Your objective | A picture should never appear in your copy. Transcribe the listing exactly from its first line through the line with "Guadalupe, Nuevo León, 19", both ends included.

The data |
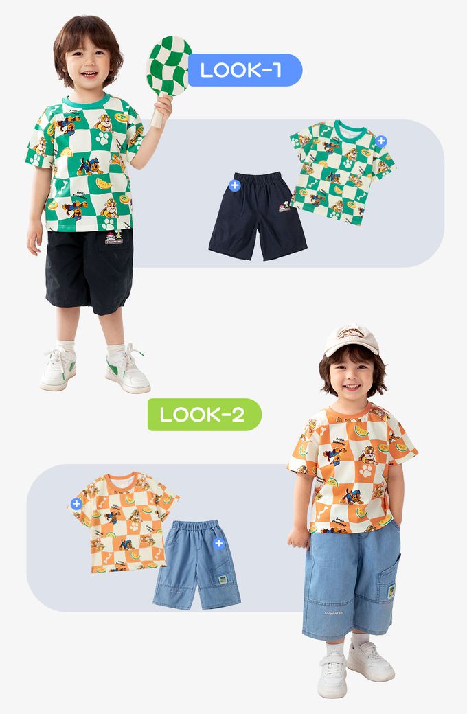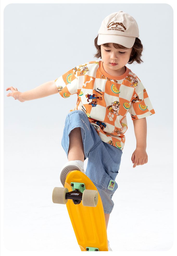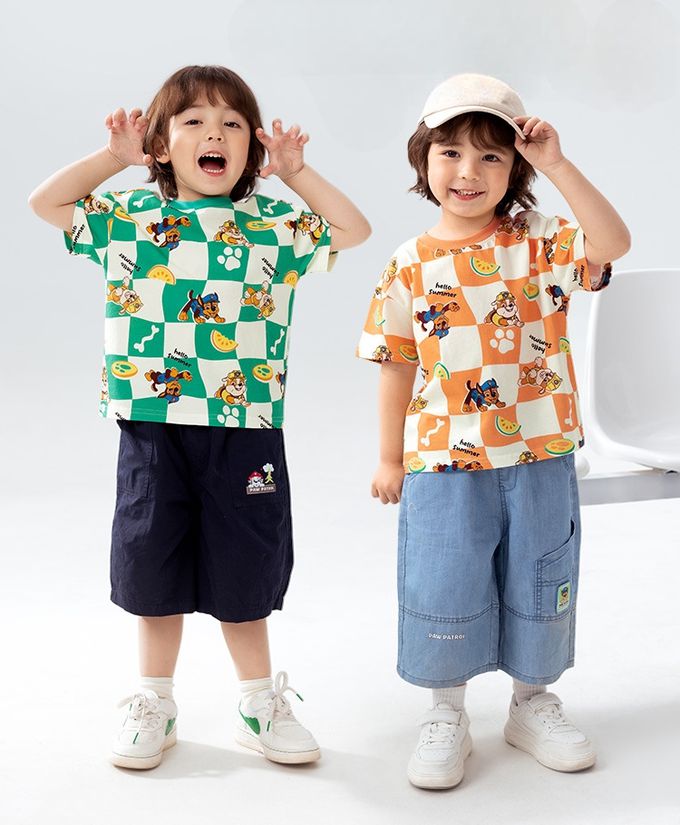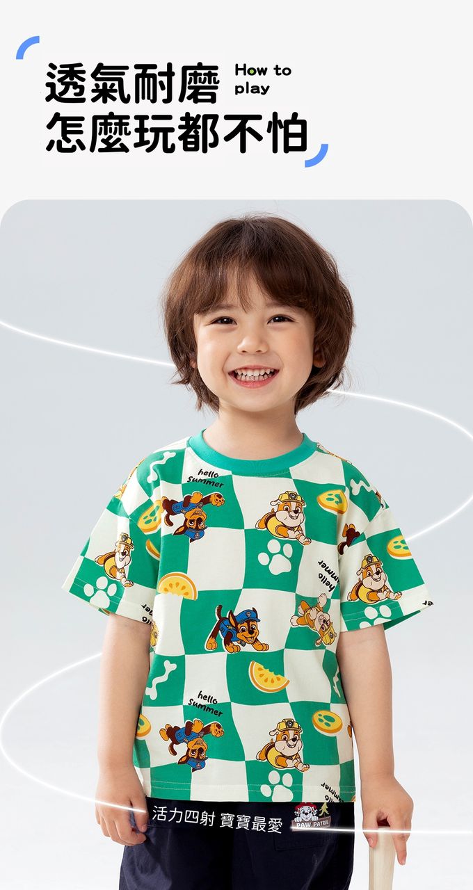 品名:卡通汪汪隊純棉格子印花圓領短袖上衣
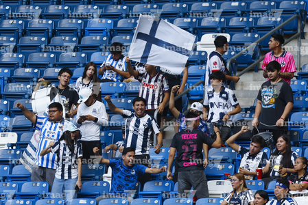 Guadalupe, Nuevo León, 19 de octubre de 2025. Afición, durante el partido correspondiente a la jornada 16 del torneo Apertura 2025 de la Liga BBVA MX Femenil, entre las Rayadas del Monterrey y las Esmeraldas del León, realizado en el estadio BBVA. Foto: Imago7/
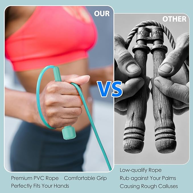 • Ergonomic Handles: Enjoy a perfect grip with our ergonomically designed handles. Crafted for maximum comfort, these handles feature a non-slip, sweat-resistant surface that ensures a secure hold during even the most intense workouts. The thoughtful design keeps your hands dry and comfortable, making every jump smooth and enjoyable.
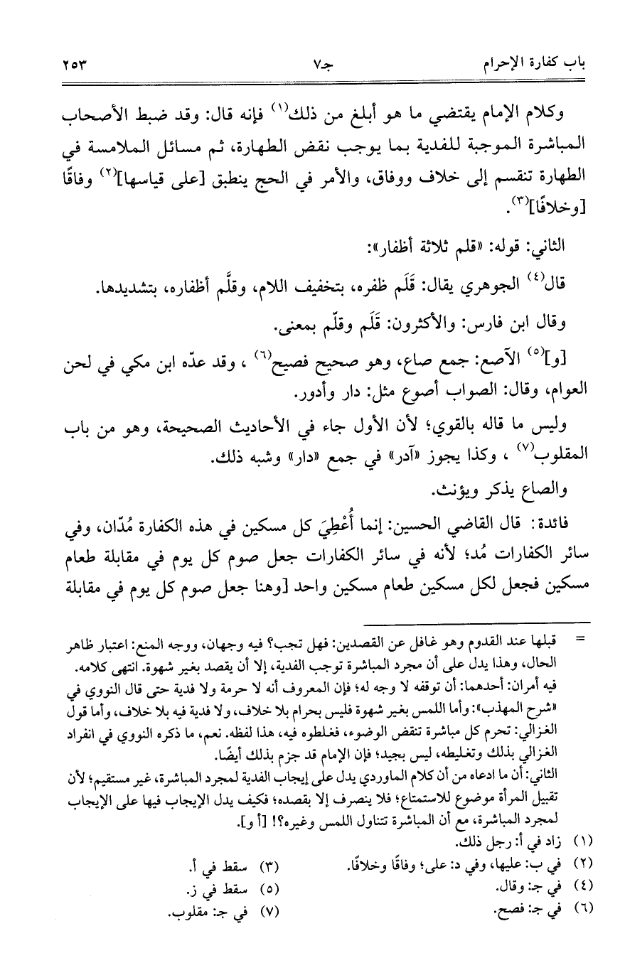وكلام الإمام يقتضي ما هو أبلغ من ذلك فإنه قال: وقد ضبط الأصحاب المباشرة الموجبة للفدية بما يوجب نقض الطهارة، ثم مسائل الملامسة في الطهارة تنقسم إلى خلاف ووفاق، والأمر في الحج ينطبق [على قياسها] وفاقاً [وخلافًا].
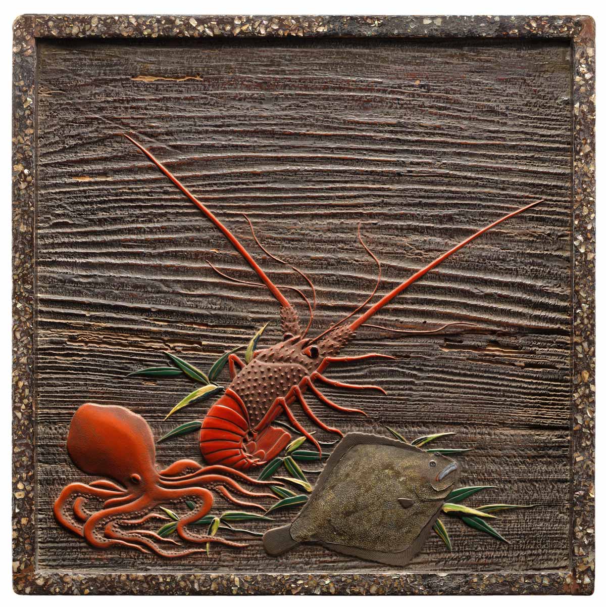 – an ink stick featuring a water-storage jar, a symbol of abundance, framed by stylised karako children playing among aquatic motifs.
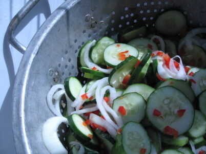 Después de las tres horas está para arriba, drenar su pepino en un colador grande. Escoger el hielo pero no enjuague.
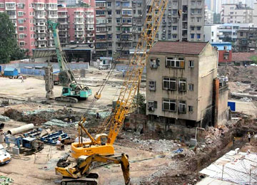 2015年8月26日消息,湖北武漢。在武昌區秦園路徐家棚地鐵站施工工地中間,有棟樓房還有人居住。負責此處施工的中鐵二局反映,因這棟房子遲遲未拆,導致地鐵站施工進度滯后。
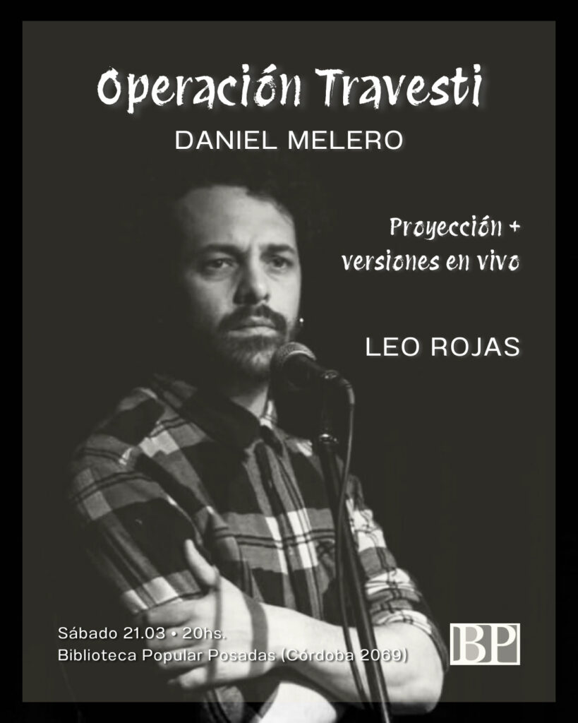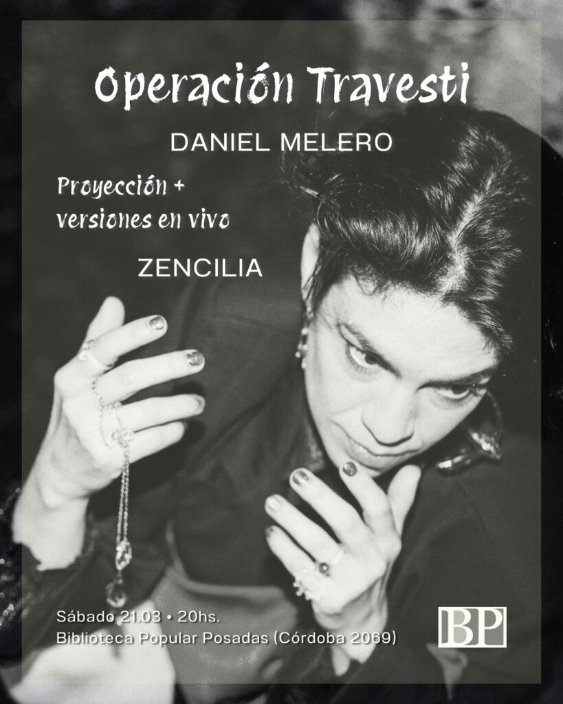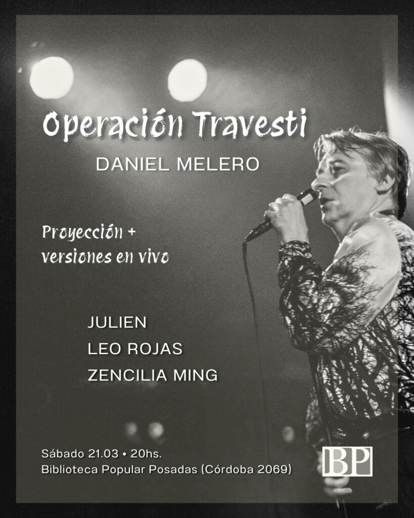 El próximo sábado 21 de marzo, a las 20:00 horas el auditorio de la Biblioteca Popular de Posadas (Córdoba 2069), será escenario de una velada única, la proyección del documental “Operación Travesti” (2023), dirigida por Rodrigo Ottaviano, seguida por un set de versiones en vivo a cargo de Julien, Leo Rojas y Zencilia Ming.
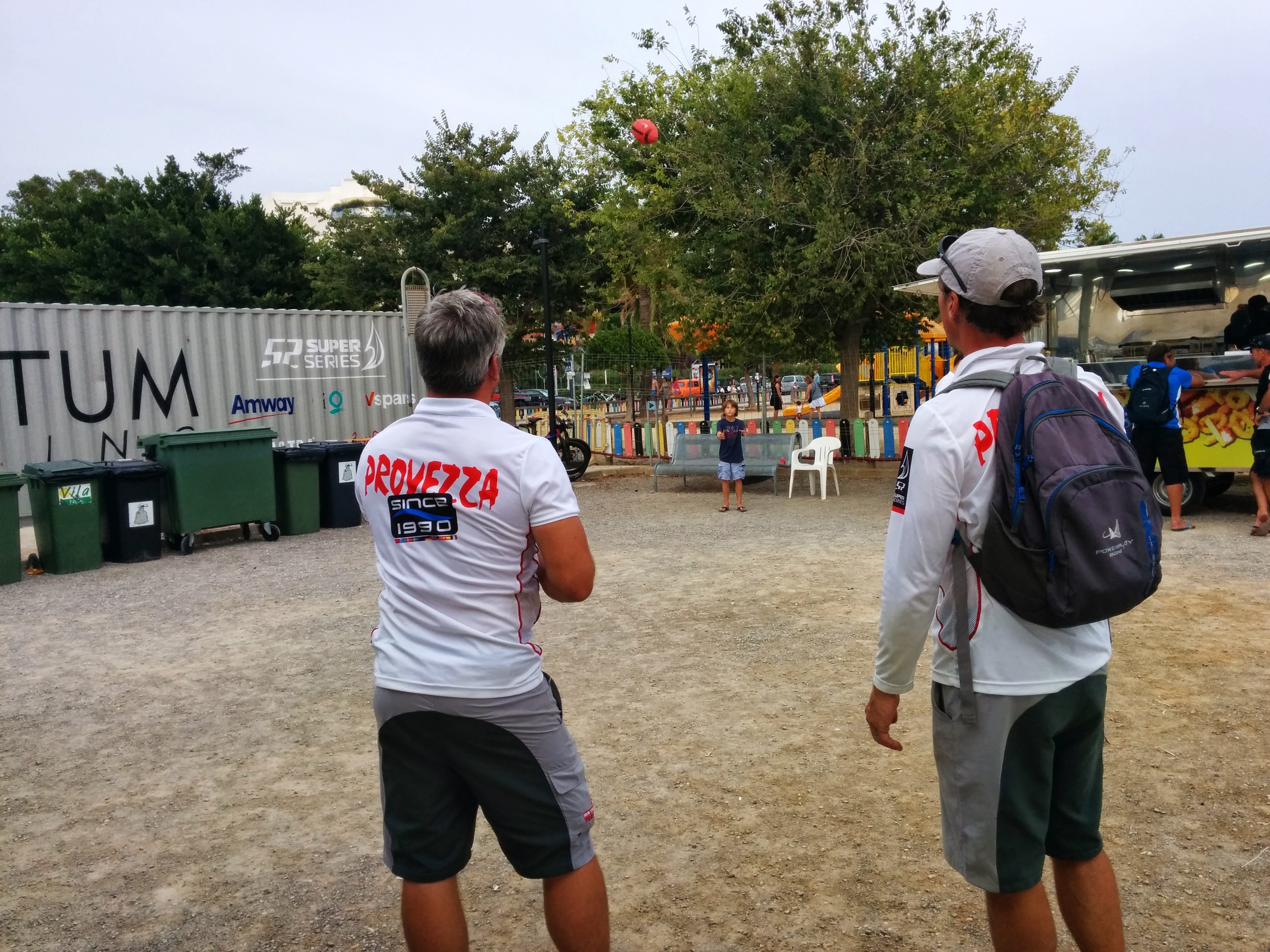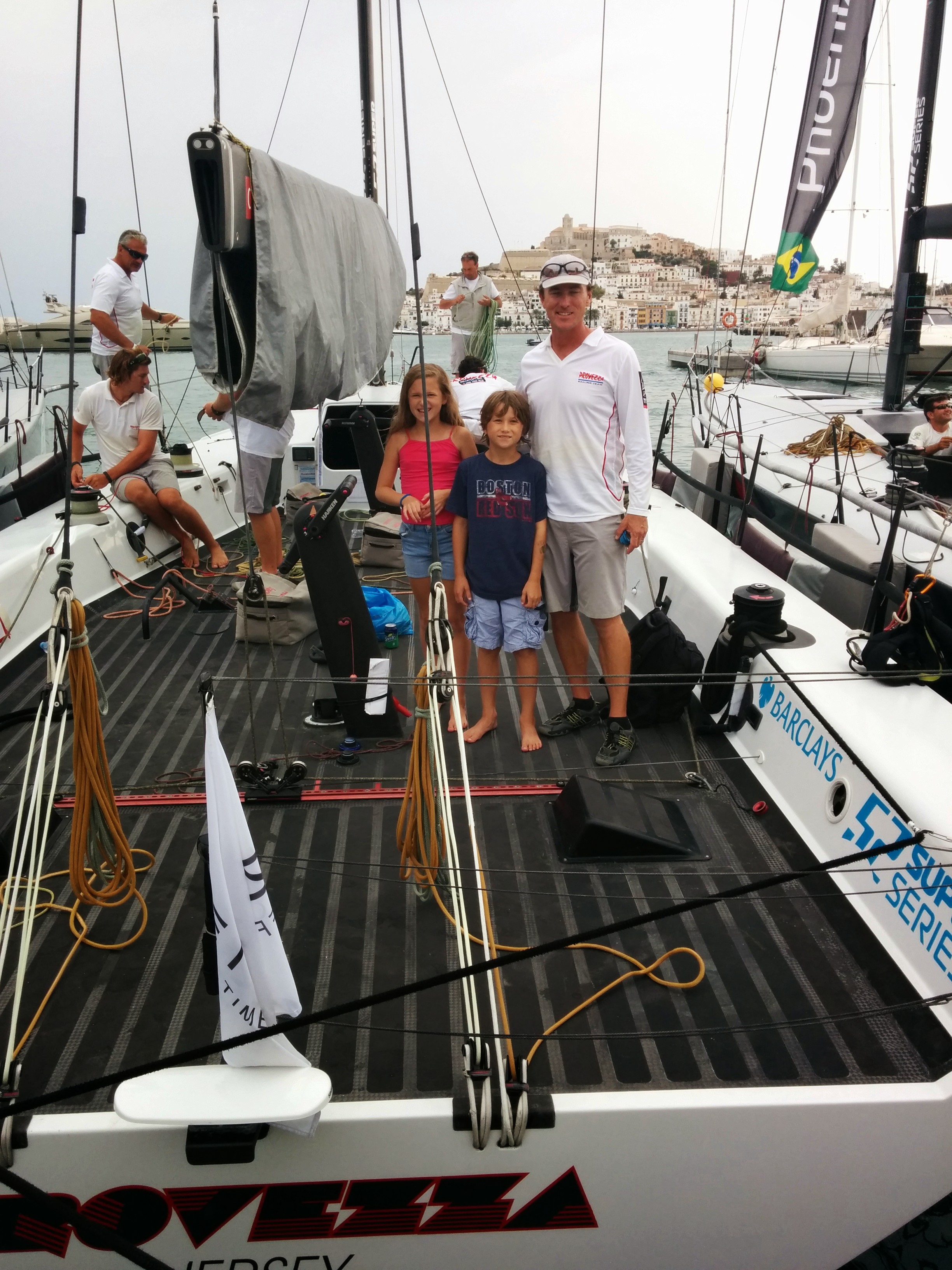 Waving in our Team: Provezza, TP52. The kids in the bottom photos are onboard PROVEZZA with dad after sailing. Dalt Vila (the old city) in the background. Oliver throwing football pass with teammates post-racing.

Exercise answer |
 品名:卡通汪汪隊純棉格子印花圓領短袖上衣
 Guadalupe, Nuevo León, 19 de octubre de 2025. Afición, durante el partido correspondiente a la jornada 16 del torneo Apertura 2025 de la Liga BBVA MX Femenil, entre las Rayadas del Monterrey y las Esmeraldas del León, realizado en el estadio BBVA. Foto: Imago7/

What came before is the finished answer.